Here is an example of the annotated set:

Pasted image 20251109223417.png characters: Tutankhamun, Osiris period: New Kingdom

I calculated stats on how good each model was at predicting the character names and the period across this test set.

  • The period prediction is a traditional multi-label classification problem, so we can use accuracy as a metric.
  • Comparing the list of identified characters is a little more complex, since the labels are variable-length lists of strings. Though I first tried to use straightforward string comparison to measure name matches, I settled for a more flexible LLM as a Judge approach. In this setup, Ra-horakhty is a match for Ra ; and even Pharaoh is considered a match for Ramses II.
VariantPeriodΒ AccuracyCharacterΒ PartialΒ MatchCharacter IoU
2.5 FlashΒ Lite81.82%63.64%
2.5 Flash LiteΒ w/ Grounding80.00%40.00%
2.5 Flash81.82%86.00%
2.5 Flash w/ Grounding81.82%54.55%
2.5 Pro81.82%86.00%
2.5 ProΒ w/ Grounding81.82%63.64%

Take these metrics with a pinch of salt, since they are only meant to give a super high level sense of how these models are performing. Most of the fields are not annotated.

The character match evaluation is particularly incomplete, since the stats are just comparing literal strings for equality (barring lowercase differences).

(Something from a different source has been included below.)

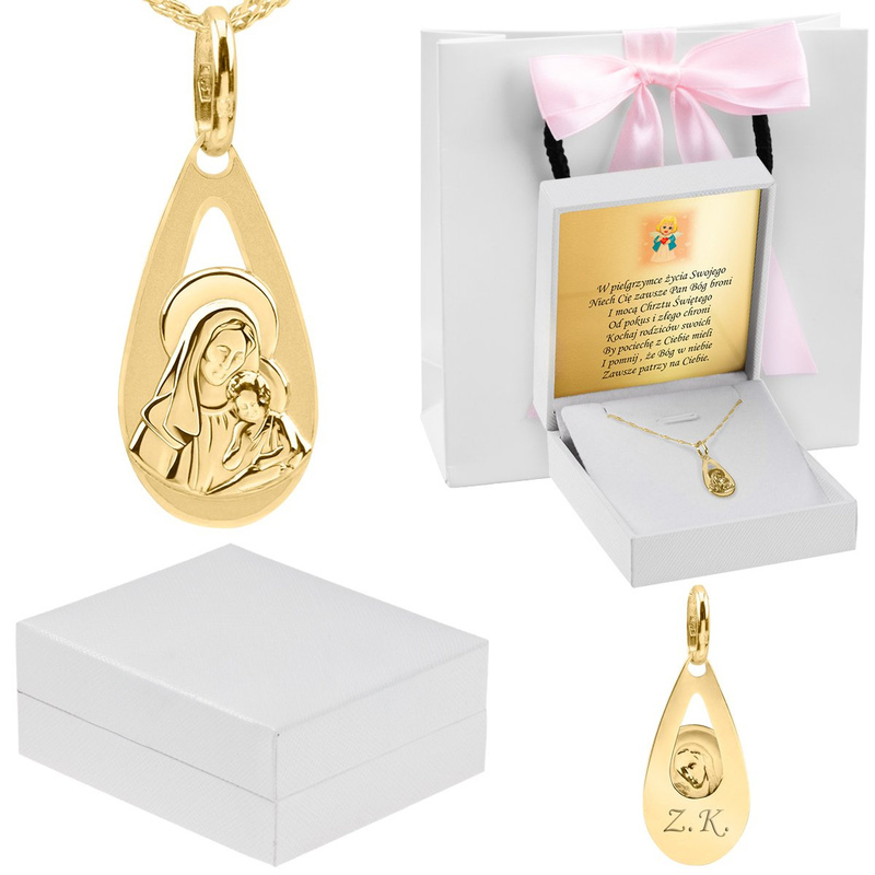 - złoty medalik w kształcie łzy z wizerunkiem Matki Boskiej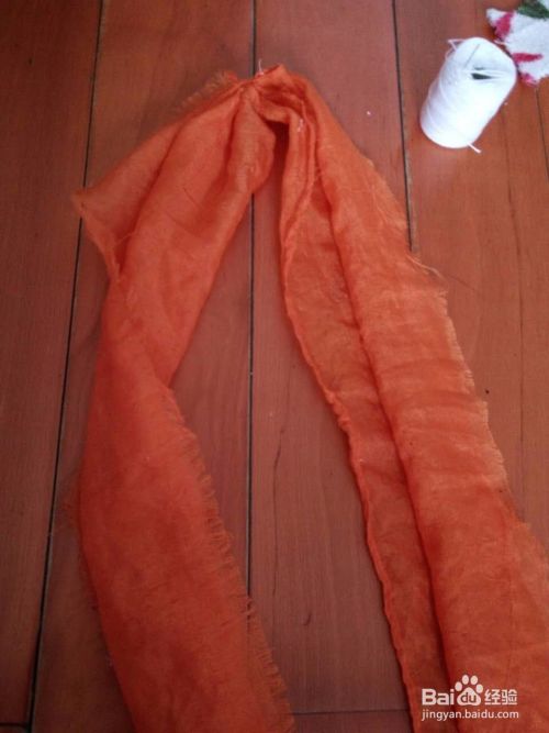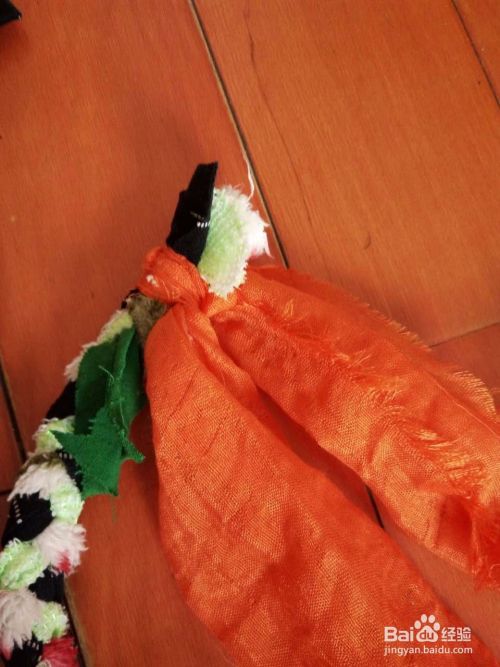 这里再取一根桔色的布条,把另一端的瓣子也全部绑住,绑完把有的瓣子,在头一打结再把多余的桔色布条剪断

Current system performance metrics:

Model SpeedAvg Response TimeLambda Cold StartCost per Request
Regular15-30s~2-3s~$0.02
Fast5-10s~2-3s~$0.008
Super Fast2-5s~2-3s~$0.003

Environment Configuration:

  • Lambda Environment Variables: GOOGLE_API_KEY stored securely in Lambda configuration
  • Frontend Environment Variables: NEXT_PUBLIC_LAMBDA_API_URL and NEXT_PUBLIC_API_KEY for API Gateway endpoint and authentication
  • API Gateway: Configured with usage plans and throttling limits

Technical Lessons Learned

1. Structured Outputs Are Game-Changing

The single most impactful technical decision was implementing Pydantic-enforced structured outputs. This eliminated ~90% of parsing errors and dramatically improved response quality.

2. Context Injection Improves Accuracy

Allowing users to provide image type hints (tomb, temple, other) significantly improved model accuracy by focusing attention on relevant historical contexts.

3. Model Speed Options Enhance UX

Offering multiple speed tiers provides users control over the speed-accuracy tradeoff, essential for interactive applications.

4. Error Handling is Critical

Robust retry logic and error recovery transforms a demo into a production-ready system. The Gemini API can be temperamental, making retry logic essential.

Conclusion

The Egyptian AI Lens demonstrates how modern LLM APIs can be effectively integrated into production web applications. Key architectural decisions include:

  • Clean frontend-backend separation for maintainability
  • AWS Lambda + API Gateway for scalable serverless infrastructure
  • Docker containerization for consistent runtime environments
  • Structured outputs to reduce hallucinations
  • Dynamic model selection for user control
  • Context injection for improved accuracy
  • Robust error handling for production reliability
  • API Gateway authentication with usage plans for security

The current AWS Lambda architecture provides production-ready infrastructure with:

  • Automatic scaling and pay-per-use pricing
  • CloudWatch monitoring for observability
  • API Gateway for request management and security
  • Docker deployment for consistent runtime environments

This architecture scales from personal projects to production workloads while maintaining cost efficiency and operational simplicity.

Try the system: Egyptian AI Lens
Source code: Available in the Lambda repository

The intersection of computer vision, large language models, and archaeology opens fascinating possibilities for making historical knowledge more accessible. This project serves as a blueprint for similar applications across other domains.